All this talk about weird stuff in the fermenter reminded me of a heartwarming story I heard from a friend long ago. I thought Id share

Darcys uncles all used to make what he called bread wine. The wine itself was made of fruit, fruit juice, sometimes potatoes and rhubarb, sugar, and bakers yeast. All the ingredients were put into a 5 gallon pail, then covered with slices of bread. The pail was placed in the closet and allowed to ferment and settle. The wine was consumed straight from the pail by simply dipping your cup. When one uncles batch was done, the rest of them would get together and, well, get pissed.

The day Darcy told me about happened long ago. He was maybe 8 or 9 years old. He was over at his uncles house playing with his cousins. This uncle did not have indoor plumbing, by the way.

His uncle and his uncles brothers and brothers in law were all in the dining room, tying into the latest batch of this wine. Half drunk, his uncle yells to his wife, WOMAN!!!! Bring us more wine!

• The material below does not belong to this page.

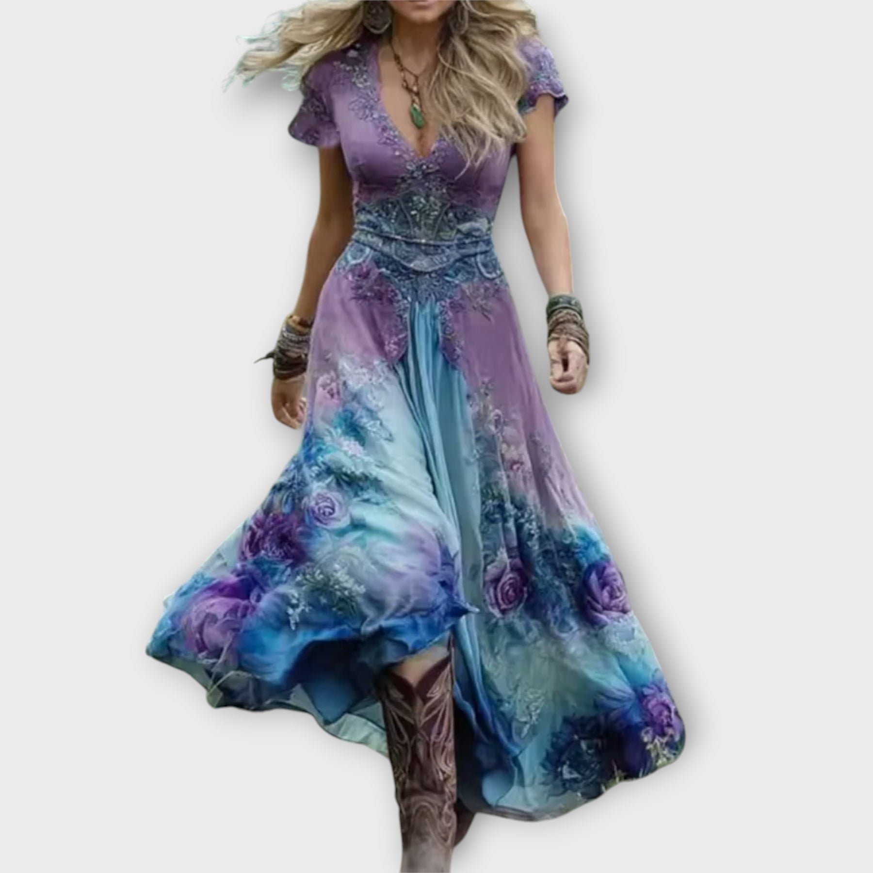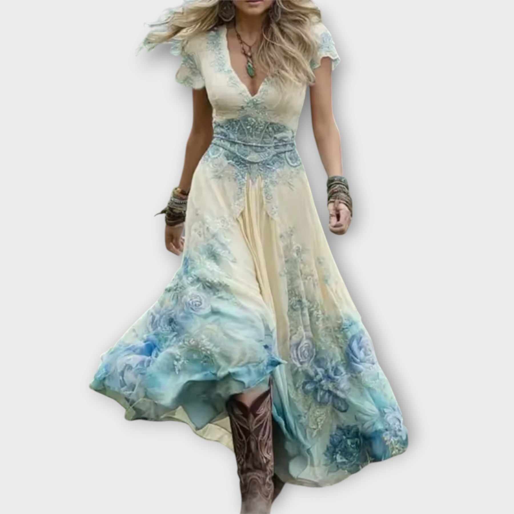 שמלת צלסטין אלגנטית עם רקמות פרחוניות

A few minutes later, his wife emerges from the kitchen holding the nearly empty wine pail and laughing uncontrollably. What the HELL are you laughing at?

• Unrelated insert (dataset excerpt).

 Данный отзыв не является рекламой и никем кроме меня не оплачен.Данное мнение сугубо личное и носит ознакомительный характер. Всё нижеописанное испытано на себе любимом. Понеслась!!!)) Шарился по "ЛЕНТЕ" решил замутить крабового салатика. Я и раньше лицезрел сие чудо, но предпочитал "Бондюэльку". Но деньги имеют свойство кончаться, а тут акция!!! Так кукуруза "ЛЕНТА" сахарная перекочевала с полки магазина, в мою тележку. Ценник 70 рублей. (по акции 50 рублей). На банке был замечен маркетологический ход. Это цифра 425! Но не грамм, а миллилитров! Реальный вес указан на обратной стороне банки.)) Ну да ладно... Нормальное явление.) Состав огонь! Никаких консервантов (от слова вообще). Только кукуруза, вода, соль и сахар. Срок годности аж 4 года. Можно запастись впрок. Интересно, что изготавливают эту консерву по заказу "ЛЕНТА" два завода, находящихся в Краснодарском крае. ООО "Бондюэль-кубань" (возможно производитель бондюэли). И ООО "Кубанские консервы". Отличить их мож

She tipped the pail so they could all see a kid-sized turd floating intact at the bottom. All of the previously boisterous men at the table fell silent. His uncles face slowly turned red, then he bellowed WHO SHIT IN MY WINE?!!?

Darcys cousin innocently replied I had a poop last night Daddy.

CMERE! [Whack] [Whack]

At this point, Darcy felt it wise to go home. Run home actually.

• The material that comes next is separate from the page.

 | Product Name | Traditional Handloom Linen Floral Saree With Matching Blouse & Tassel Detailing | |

Like I mentioned, there was no plumbing in the house. For night, they had a honey pail which they kept in the closet. You figure out what happened. The moral of the story? Open fermenter = shitty result. ;)

And yes, it's a true story.
 
A mate of my brothers used to put all kinds of stuff in his brews. I remember Licorice sticks, bananas, apricot jam and lime cordial. But the worst one he ever did was put a whole tin of creamed corn in! I was ok(ish) about the other stuff, but when quizzed on the creamed corn he fessed up and told me that someone else had told him corn syrup was the go :lol: :lol:

note for any newbies - loosely - corn syrup is a common name for maltodextrin (a corn starch powder)

creamed corn in beer YUCK...
I have always wanted to try black jelly beans...
Banana beer is meant to be quite nice, ROSS????

I put fennel in once... it was a wheat beer ended up tasting like curry!

Has any one done a pumpkin beer? all the go in the states!